Exercise requirements: Although the records contain pictures, only their text should be repeated, exactly as it stands.

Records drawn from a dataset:
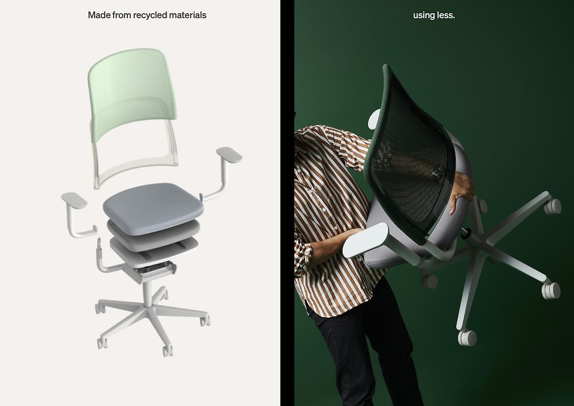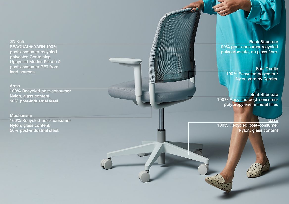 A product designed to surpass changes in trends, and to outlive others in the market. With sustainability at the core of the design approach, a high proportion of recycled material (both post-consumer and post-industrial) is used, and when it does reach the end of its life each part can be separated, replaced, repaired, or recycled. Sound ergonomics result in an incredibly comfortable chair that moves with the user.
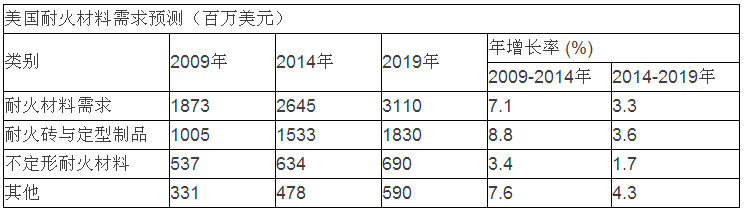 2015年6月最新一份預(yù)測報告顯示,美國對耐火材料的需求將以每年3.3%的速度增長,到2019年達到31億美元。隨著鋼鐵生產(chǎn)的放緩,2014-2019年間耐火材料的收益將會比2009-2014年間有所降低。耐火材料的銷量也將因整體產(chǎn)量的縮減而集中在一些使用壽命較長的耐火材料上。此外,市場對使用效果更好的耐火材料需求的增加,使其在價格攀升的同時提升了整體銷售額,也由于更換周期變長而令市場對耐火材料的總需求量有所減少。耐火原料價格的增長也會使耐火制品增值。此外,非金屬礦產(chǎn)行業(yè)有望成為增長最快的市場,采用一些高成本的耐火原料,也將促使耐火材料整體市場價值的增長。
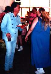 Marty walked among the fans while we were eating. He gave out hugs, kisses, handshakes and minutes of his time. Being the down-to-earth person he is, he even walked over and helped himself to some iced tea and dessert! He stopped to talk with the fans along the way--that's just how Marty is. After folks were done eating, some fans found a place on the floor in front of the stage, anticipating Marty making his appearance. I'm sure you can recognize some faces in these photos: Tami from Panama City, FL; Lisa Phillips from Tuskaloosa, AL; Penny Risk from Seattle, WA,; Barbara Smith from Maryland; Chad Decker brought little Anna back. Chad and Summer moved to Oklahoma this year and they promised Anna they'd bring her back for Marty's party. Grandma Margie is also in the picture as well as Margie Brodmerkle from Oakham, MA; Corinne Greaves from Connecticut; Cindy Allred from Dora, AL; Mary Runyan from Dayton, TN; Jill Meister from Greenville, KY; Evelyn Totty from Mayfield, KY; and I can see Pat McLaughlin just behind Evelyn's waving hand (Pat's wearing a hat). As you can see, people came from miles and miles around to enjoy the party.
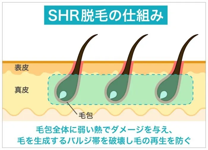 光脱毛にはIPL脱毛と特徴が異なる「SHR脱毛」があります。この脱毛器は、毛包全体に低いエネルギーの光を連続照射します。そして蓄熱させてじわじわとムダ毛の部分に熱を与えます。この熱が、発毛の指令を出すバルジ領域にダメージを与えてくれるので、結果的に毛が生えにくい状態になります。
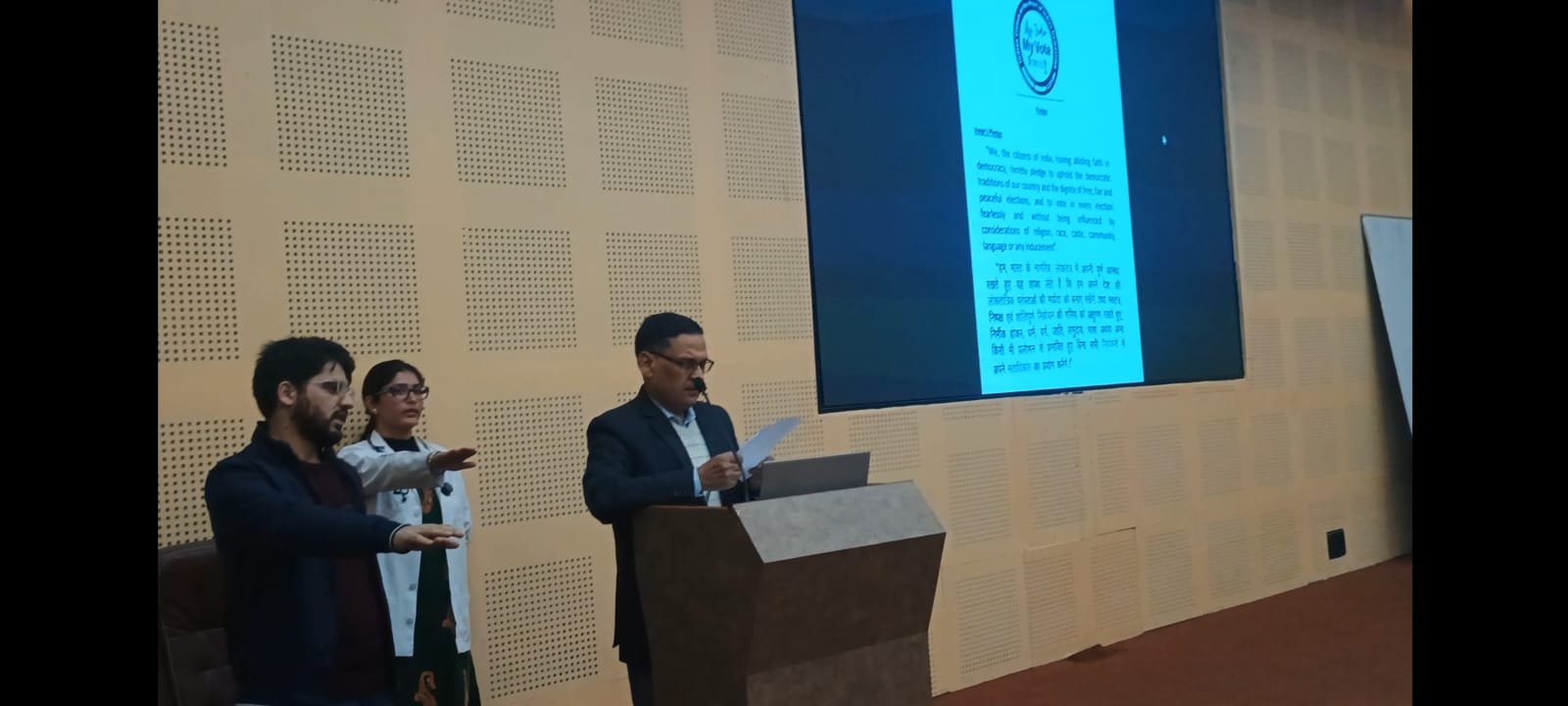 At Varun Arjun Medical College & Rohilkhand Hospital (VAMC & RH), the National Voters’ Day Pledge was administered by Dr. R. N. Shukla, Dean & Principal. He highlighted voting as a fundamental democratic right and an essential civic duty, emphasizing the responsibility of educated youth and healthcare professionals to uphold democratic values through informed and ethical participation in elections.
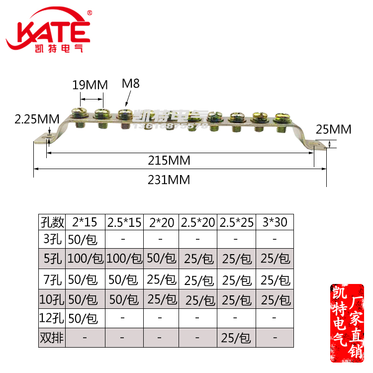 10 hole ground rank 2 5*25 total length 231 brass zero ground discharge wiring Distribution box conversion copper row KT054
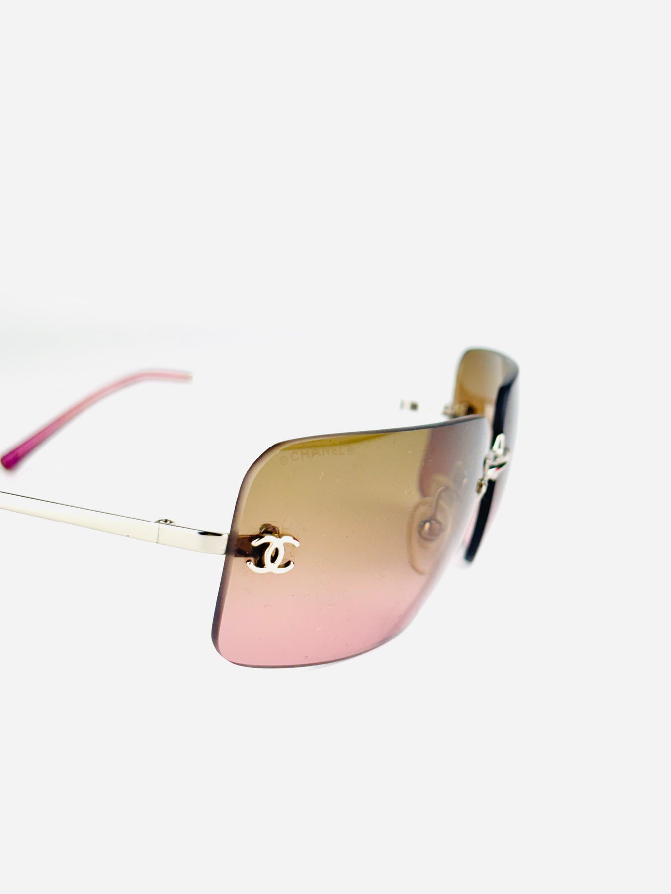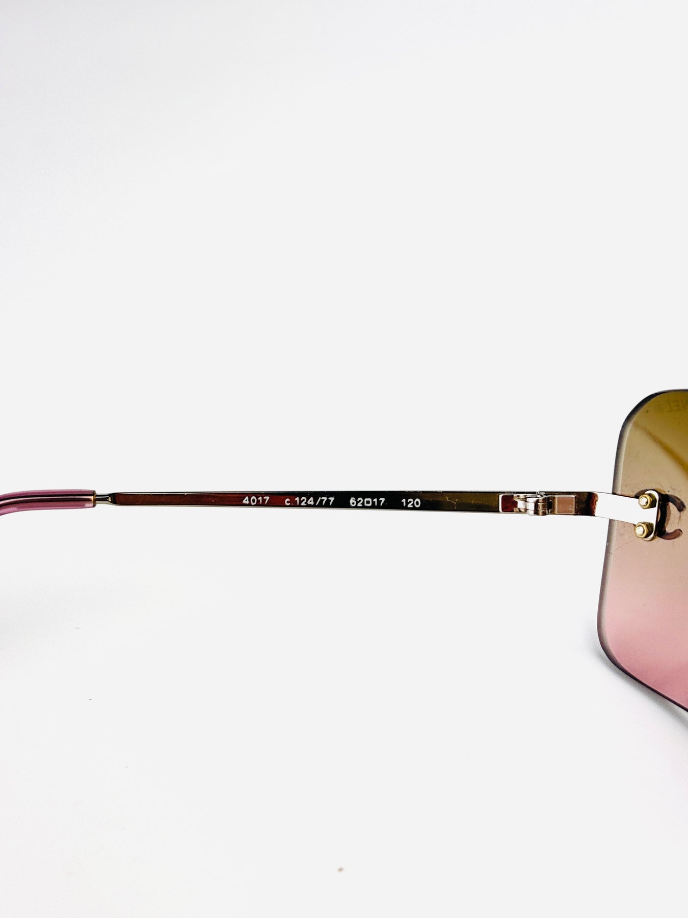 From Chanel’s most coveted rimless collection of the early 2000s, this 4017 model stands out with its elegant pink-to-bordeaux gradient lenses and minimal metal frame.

Answer to the exercise:
 A product designed to surpass changes in trends, and to outlive others in the market. With sustainability at the core of the design approach, a high proportion of recycled material (both post-consumer and post-industrial) is used, and when it does reach the end of its life each part can be separated, replaced, repaired, or recycled. Sound ergonomics result in an incredibly comfortable chair that moves with the user.
 2015年6月最新一份預(yù)測報告顯示,美國對耐火材料的需求將以每年3.3%的速度增長,到2019年達到31億美元。隨著鋼鐵生產(chǎn)的放緩,2014-2019年間耐火材料的收益將會比2009-2014年間有所降低。耐火材料的銷量也將因整體產(chǎn)量的縮減而集中在一些使用壽命較長的耐火材料上。此外,市場對使用效果更好的耐火材料需求的增加,使其在價格攀升的同時提升了整體銷售額,也由于更換周期變長而令市場對耐火材料的總需求量有所減少。耐火原料價格的增長也會使耐火制品增值。此外,非金屬礦產(chǎn)行業(yè)有望成為增長最快的市場,采用一些高成本的耐火原料,也將促使耐火材料整體市場價值的增長。
 Marty walked among the fans while we were eating. He gave out hugs, kisses, handshakes and minutes of his time. Being the down-to-earth person he is, he even walked over and helped himself to some iced tea and dessert! He stopped to talk with the fans along the way--that's just how Marty is. After folks were done eating, some fans found a place on the floor in front of the stage, anticipating Marty making his appearance. I'm sure you can recognize some faces in these photos: Tami from Panama City, FL; Lisa Phillips from Tuskaloosa, AL; Penny Risk from Seattle, WA,; Barbara Smith from Maryland; Chad Decker brought little Anna back. Chad and Summer moved to Oklahoma this year and they promised Anna they'd bring her back for Marty's party. Grandma Margie is also in the picture as well as Margie Brodmerkle from Oakham, MA; Corinne Greaves from Connecticut; Cindy Allred from Dora, AL; Mary Runyan from Dayton, TN; Jill Meister from Greenville, KY; Evelyn Totty from Mayfield, KY; and I can see Pat McLaughlin just behind Evelyn's waving hand (Pat's wearing a hat). As you can see, people came from miles and miles around to enjoy the party.
 光脱毛にはIPL脱毛と特徴が異なる「SHR脱毛」があります。この脱毛器は、毛包全体に低いエネルギーの光を連続照射します。そして蓄熱させてじわじわとムダ毛の部分に熱を与えます。この熱が、発毛の指令を出すバルジ領域にダメージを与えてくれるので、結果的に毛が生えにくい状態になります。
 At Varun Arjun Medical College & Rohilkhand Hospital (VAMC & RH), the National Voters’ Day Pledge was administered by Dr. R. N. Shukla, Dean & Principal. He highlighted voting as a fundamental democratic right and an essential civic duty, emphasizing the responsibility of educated youth and healthcare professionals to uphold democratic values through informed and ethical participation in elections.
 10 hole ground rank 2 5*25 total length 231 brass zero ground discharge wiring Distribution box conversion copper row KT054
 From Chanel’s most coveted rimless collection of the early 2000s, this 4017 model stands out with its elegant pink-to-bordeaux gradient lenses and minimal metal frame.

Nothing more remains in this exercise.